Ductility vs Malleability
Ductility and Malleability are two physical properties of metals. These two terms are often used in the Chemistry of metals and substances. Both these properties show some difference between them.
Ductility is the property of a metal that is capable of being hammered out thin. Such metals that are capable of being hammered out thin are called as ductile metals. Such metals are also capable of being drawn out into wire or threads. Gold can be cited as an example of ductile metals.
In short it can be said that ductility consists in the property of undergoing change of form without breaking. It is the quality of being molded or shaped like plastic. The words ‘ductilely’ and ‘ductile’ are used as adverb and adjective respectively.

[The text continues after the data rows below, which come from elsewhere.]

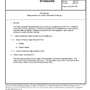 This SAE Aerospace Standard (AS) is to be used as a supplement to AS7109. In addition to the requirements contained in AS7109, the requirements contained herein shall apply to suppliers seeking Nadcap Coatings accreditation who are engaged in vapor deposit processes, except diffusion coatings.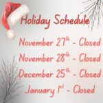 Nov 25th we will be closed for Thanksgiving Dec 24th we will be closed for Christmas Dec 31st we will be closed for New Years Day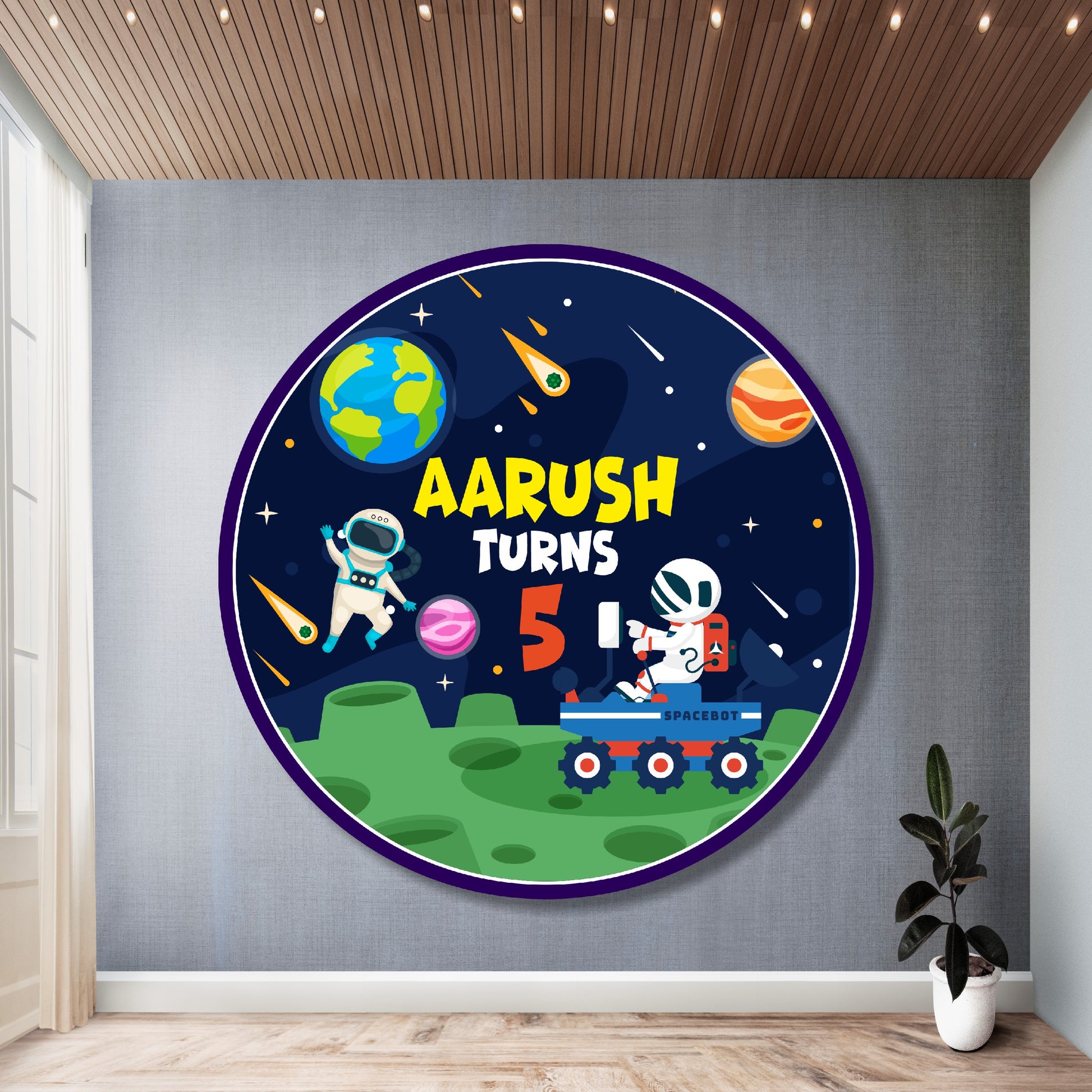 Welcome to Mission Control! Our custom Space-Themed Round Banner is designed with deep indigo and starry black backgrounds, showcasing realistic images of the Earth, the Moon, and a bold spacecraft. This high-quality banner is fully personalized with your child's name and age (or their "Mission Commander" title). It's the perfect statement piece to transform your party space into an immersive, galaxy-spanning adventure!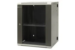 W dachu szafy otwory przystosowane do montażu modułów wentylacyjnych 1-wentylatorowych. Linka o długości 300mm do uziemienia. Półka stała 280mm oraz 15 śrub montażowych w standardowym wyposażeniu. Szafy przeznaczone są do stosowania wewnątrz pomieszczeń. Drzwi przednie z wklejoną szybą hartowaną i zamkiem 1-punktowym, zamontowane na zawiasach umożliwiających otwieranie drzwi o 180 stopni. Ściana tylna z blachy stalowej z zamkiem 1-punktowym, mocowana przy pomocy zawiasów umożliwiających otwieranie szafy o 180 stopni. Zdejmowane osłony boczne z zamkiem. Dwie płaszczyzny 19” pionowych profili montażowych (rack) , mocowane na poziomych trawersach z rastrem, co 20 mm, minimalna odległość od drzwi przednich 35 mm (standardowo 65mm). Szafa teleinformatyczna wykonana z blachy stalowej, konstrukcja spawana, o dużej sztywności (większej niż w przypadku modeli szaf skręcanych). Obudowa posiada cztery otwory wyprowadzające do kabli (340x60mm 2xczęść górna, 2xczęść dolna).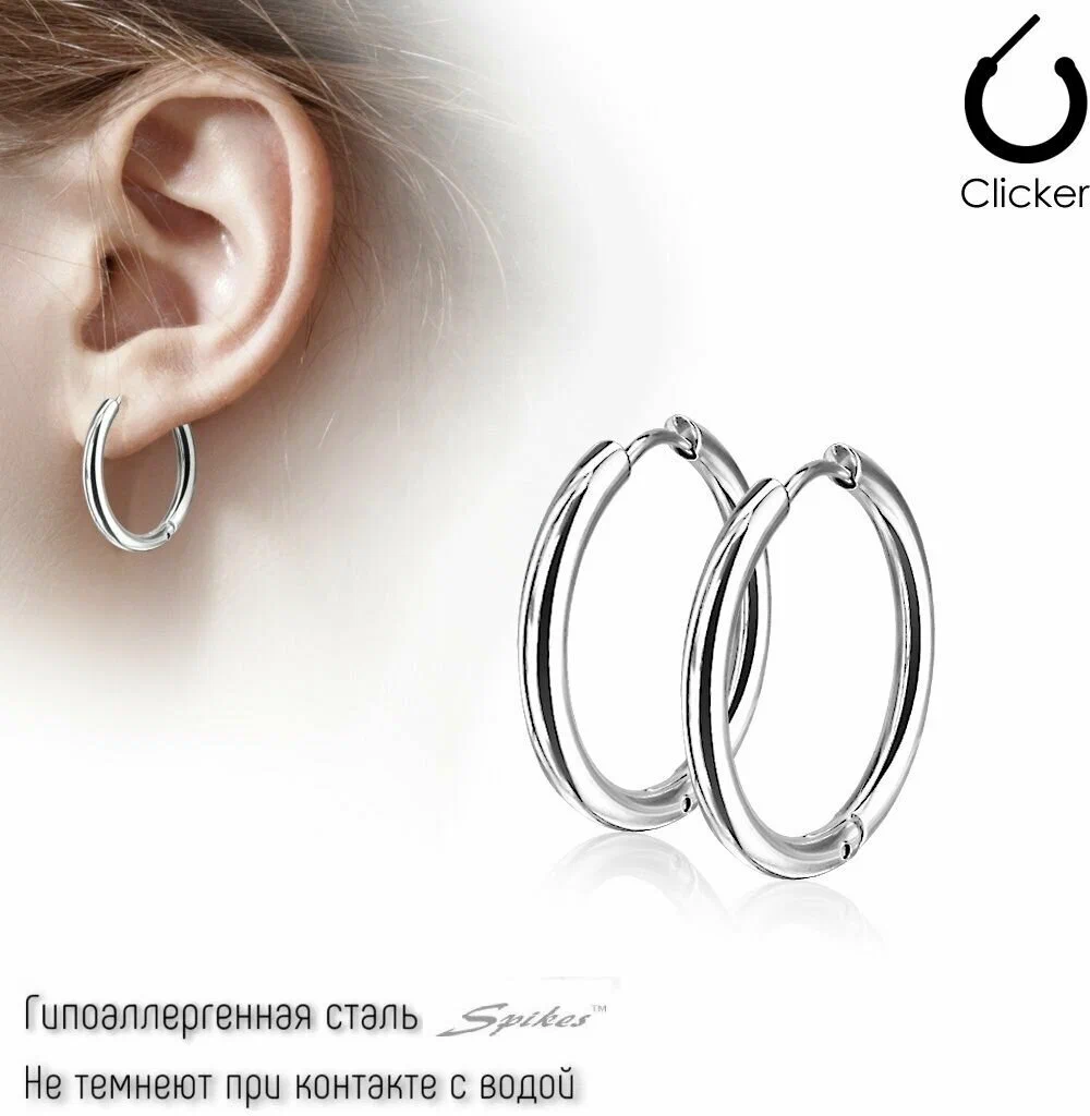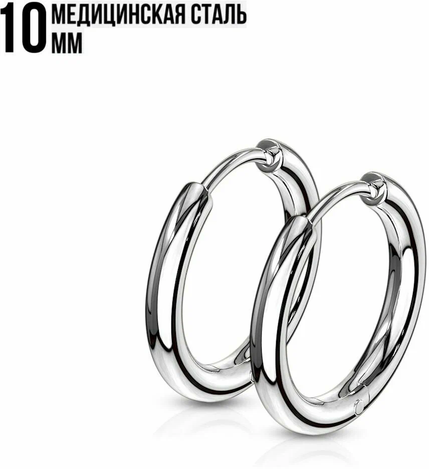 Серьги-кольца унисекс из гипоаллергенной стали, толщина 0.8mm, длина 10mm

On the other hand the property of malleability is the quality of being extended or shaped by pressure from rollers. This is the main difference between the two words ductility and malleability. It is interesting to note that the word ‘malleability’ is used in the sense of ‘adaptable’ or ‘tractable’.
As far as vocabulary is concerned it is interesting to know that the word ‘malleable’ is synonymous with the words such as impressionable, flexible, pliable and moldable and antonymous with words such as refractory and intractable. The word ‘malleability’ is used in other forms like ‘malleably’ as an adverb and ‘malleable’ as an adjective.
The word ‘malleable’ is said to have originated from the Latin word ‘malleare’ which means ‘to beat with hammer’. On the other hand the word ‘ductile’ is said to have originated form the Latin word ‘ductilis’ which means ‘that may be led or drawn’. Some lexicographers are of the opinion that there is not much of a difference between the two words malleability and ductility for that matter.